= Singleton Palmer =

American jazz multi-instrumentalist and bandleader (1912–1993)

Singleton Palmer (November 13, 1912, St. Louis, Missouri - March 8, 1993, St. Louis) was an American jazz multi-instrumentalist and bandleader of the Dixieland Six.

== Career ==
Palmer began playing cornet at age 11, and was actively playing gigs with the Mose Wiley Band in St. Louis by 14. In 1928, he began playing tuba, and joined Oliver Cobb's Rhythm Kings in 1929. Palmer's first recordings were with Cobb in 1929, and he continued to perform with the band through 1934. Following Cobb's death in 1931, Eddie Johnson took over leadership for the band, renaming it the St. Louis Crackerjacks. He recorded with the band under Johnson's leadership in 1932, and switched to string bass in 1933. In 1934, Palmer joined Dewey Jackson on the riverboats, and performed with him until 1941.

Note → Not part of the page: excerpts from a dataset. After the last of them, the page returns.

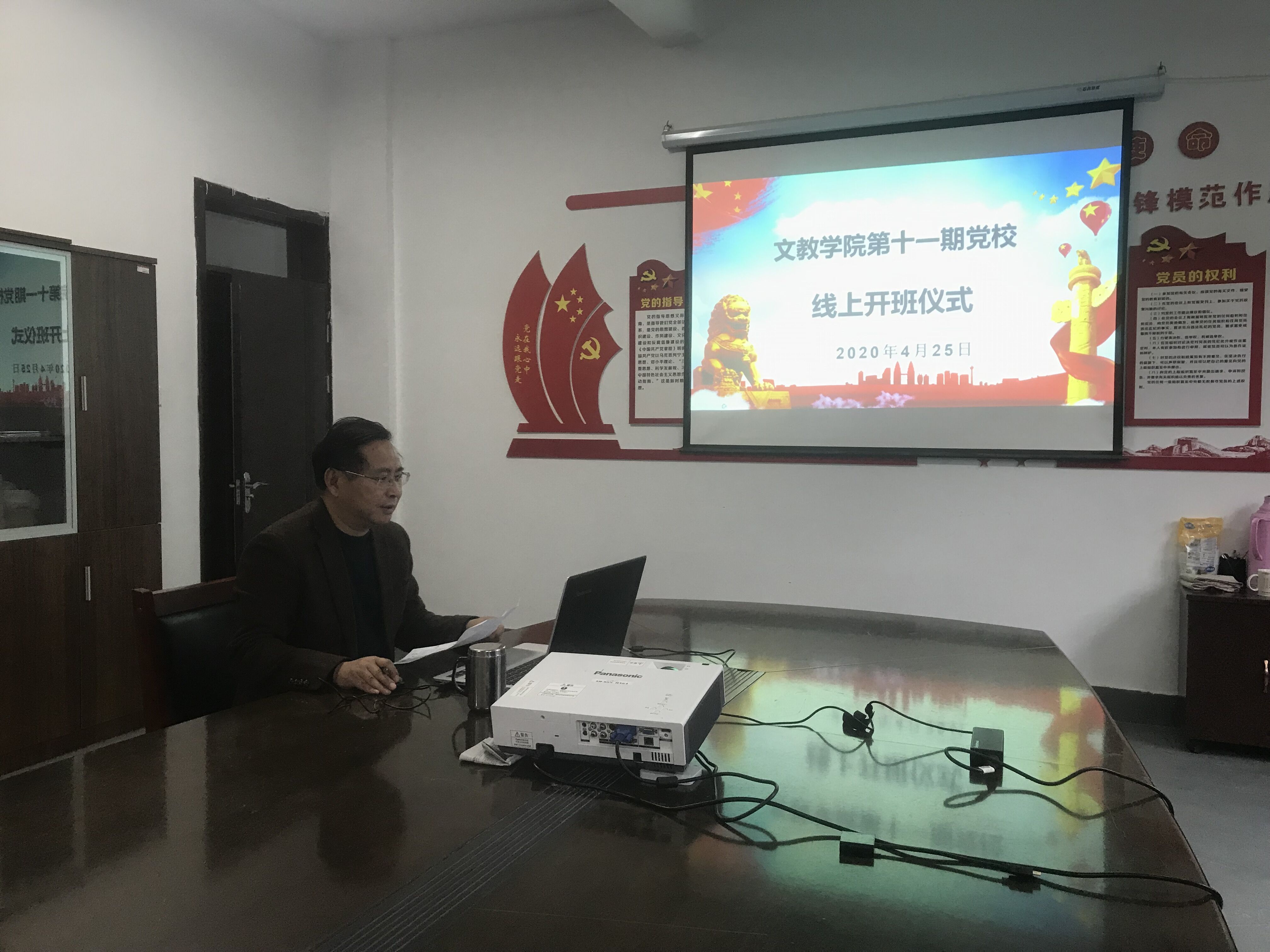 為進(jìn)一步提高入黨積極分子的思想政治素質(zhì)和理論水平,貫徹落實(shí)中國(guó)共產(chǎn)黨發(fā)展黨員工作相關(guān)規(guī)定,加強(qiáng)組織培訓(xùn)工作。根據(jù)學(xué)院黨委年度工作安排,4月25日中午,文教學(xué)院第十一期業(yè)余黨校線上開班儀式在學(xué)院黨員活動(dòng)室順利舉辦。疫情時(shí)期,本期黨校將采用網(wǎng)絡(luò)授課、視頻教學(xué)、線下自學(xué)相結(jié)合的教學(xué)方法,主要圍繞馬克思基本理論、習(xí)近平新時(shí)代中國(guó)特色社會(huì)主義思想、黨的知識(shí)和理論、形勢(shì)與政策等方面分4個(gè)專題展開,對(duì)前期推優(yōu)選拔出的66名積極分子及24名發(fā)展對(duì)象進(jìn)行集中培訓(xùn)。
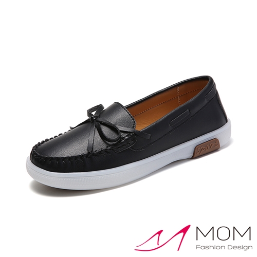 經典蝴蝶結繫帶小圓頭平底樂福鞋 黑*MOM* |
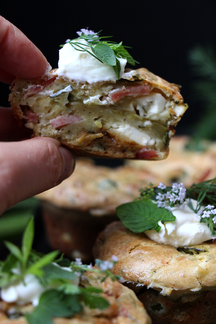 Décorez les muffins d’une petite quenelle de cream cheese et de quelques feuilles aromatiques. Disposez sur un joli plat et dévorez !
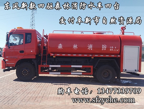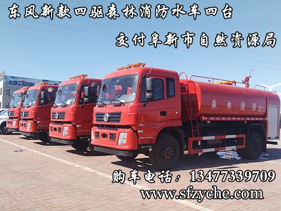 遼寧省阜新市自然資源局下屬的林業(yè)和草原局森林防火辦公室采購的東風(fēng)新款四驅(qū)森林消防水罐車具體參數(shù):東風(fēng)四驅(qū)越野森林消防水罐車_東風(fēng)11.1噸四驅(qū)消防水車_國五四驅(qū)越野森林滅火水車_東風(fēng)4×4越野SCS5183GPSEQ型四驅(qū)綠化噴灑車簡介:采用東風(fēng)EQ2180GD5DJ型越野汽車底盤,東風(fēng)153寬體駕駛室(選裝D913新款駕駛室),4×4驅(qū)動,康明斯ISB190 50國五發(fā)動機,六檔變速箱,東風(fēng)商用車橋,前驅(qū)動橋3.8噸,后橋10噸,10.00R20輪胎,軸距4500mm,電動玻璃,方向助力,斷氣剎,ABS。罐體采用優(yōu)質(zhì)碳鋼Q235板材,板材厚度4mm,罐體容積11.1立方,安裝夾心取力器,后置泵箱,消防栓接口左右各一個,消防炮采用PS30-50D消防水炮,流量40L/S/1.0MPa 水射程:≥50m,消防泵采用常壓消防泵型號:CB10/40車用消防泵,流量:40L/s,壓力:1.0MPa,駕駛室頂部安裝長條警燈帶喊話器,全車顏色橘紅,兩側(cè)噴涂白色森林消防字樣。

Beginning in 1941, Palmer took a job at Scullin Steel, where he joined the company's 45-piece big band, which performed for the employees in the cafeteria during the daily lunch hour. He additionally began performing with George Hudson's first band in 1941, continuing until 1947. Toward the end of the 1940s, Palmer began to get higher-profile performing and recording opportunities, including with Clark Terry in 1947 and Jimmy Forrest in 1948. Additionally, he played bass on record with blues musicians such as Big Joe Williams and Sonny Boy Williamson. In 1947 he joined Count Basie's 18-piece jazz band, touring for 3 years and recording 11 sides.

In 1950, Palmer left Basie's group and started his own band, the Dixieland Six. Palmer led this Dixieland jazz ensemble in jam sessions at the Universal Dance Hall on the DeBaliviere Strip, an entertainment street on the west side of St. Louis. The Dixieland Six would go on to perform at Gaslight Square at the Opera House, and record six albums between 1960 and 1967. Palmer became a source for jazz historians late in his life, offering oral history testimonies of his early years in the music industry.